Clinical Presentation and Outcomes of Autosomal Dominant Polycystic Kidney Disease in the Elderly

Abstract

The patient characteristics and outcomes associated with autosomal dominant polycystic kidney disease (ADPKD) have not been characterized in elderly population. The purpose of this study was to delineate clinical presentation and outcome of ADPKD in elderly patients. We performed a retrospective study. Thirty four elderly patients were diagnosed with ADPKD between 1975 and 2005. The diagnosis of ADPKD was made using family history and ultrasound. There were 21 (61.7%) males and 13 (38.3%) females. The mean age at the time of diagnosis of ADPKD was 69.74 ± 3.36 years (range, 65-79 years).

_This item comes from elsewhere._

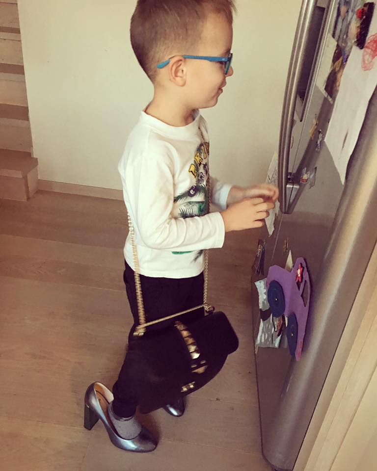 Vypadá to dost zajímavě, když takový klučík si vezme lodičky na podpatku a jednu z hodně drahých kabelek své mámy, která si na nich a botách hodně zakládá. Ale synkovi v tom nebrání, naopak jí to přijde hezké, že si doma zkouší, jaké je Simonino zaměnstnání a jaké je to chodit na šteklích. Naštěstí Brunko v tom nemusel být celý den jako máma, která už radši nosí tenisky, protože z lodiček má zničené nohy.

The earliest clinical features were renal failure in 67.6%, back pain in 38.2%, and hypertension in 17.6%. Most common form of presentation was hypertension in 70.6%. Kidneys were palpable in 26.5%, and liver was palpable in 32.4%. Left ventricular hypertrophy confirmed by trans-thoracic echocardiography was found in 5(1.5%) patients. Three (0.8%) patients had colonic diverticula and two (0.6%) had neurological manifestation. Twenty six (76.5%) patients had end stage renal disease and 30 (88.2 %) patients had anemia. Median follow-up period for all patients was 17.9 months (range, 1-120 months). Two (0.6%) patients developed renal carcinoma. while five patients (14.7%) died within six years following diagnosis. Anemia was the strongest and an independent predictor of poor renal outcome (p < 0.03). The diagnosis of ADPKD in elderly patients was made late in most cases, with patients already at end stage renal disease. Anemia is risk factor of poor renal prognosis. Early diagnosis and efforts at prevention of the disease progression and complications are most essential.